▶ [PROVIDED MATERIAL]:
--*--

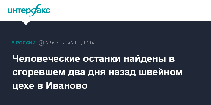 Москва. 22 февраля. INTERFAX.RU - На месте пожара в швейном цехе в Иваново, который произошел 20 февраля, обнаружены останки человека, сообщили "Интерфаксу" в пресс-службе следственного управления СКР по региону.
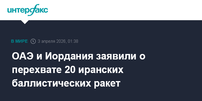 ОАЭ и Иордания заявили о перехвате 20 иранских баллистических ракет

--*--

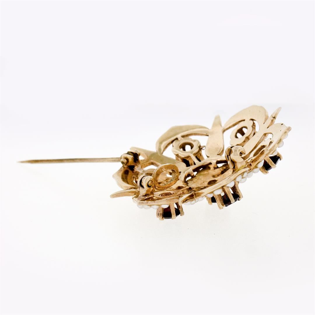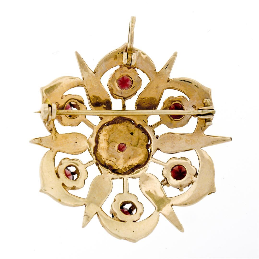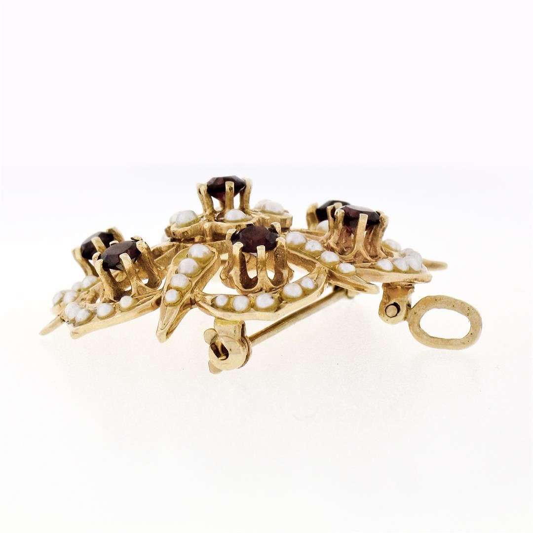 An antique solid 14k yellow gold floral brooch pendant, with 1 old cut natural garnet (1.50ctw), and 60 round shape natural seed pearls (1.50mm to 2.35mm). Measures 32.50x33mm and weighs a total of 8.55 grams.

--*--

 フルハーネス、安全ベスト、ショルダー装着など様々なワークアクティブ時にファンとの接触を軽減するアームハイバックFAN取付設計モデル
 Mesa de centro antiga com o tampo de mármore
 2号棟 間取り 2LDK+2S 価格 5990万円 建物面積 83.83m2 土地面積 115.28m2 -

--*--

▶ [WORK REQUEST]: Return word for word the lines of the listing above, starting at the line with "Москва. 22 февраля." and ending at the line with "ОАЭ и Иордания", both included. Pictures do not belong in the copy.

▶ [ANSWER SPACE]:
 Москва. 22 февраля. INTERFAX.RU - На месте пожара в швейном цехе в Иваново, который произошел 20 февраля, обнаружены останки человека, сообщили "Интерфаксу" в пресс-службе следственного управления СКР по региону.
 ОАЭ и Иордания заявили о перехвате 20 иранских баллистических ракет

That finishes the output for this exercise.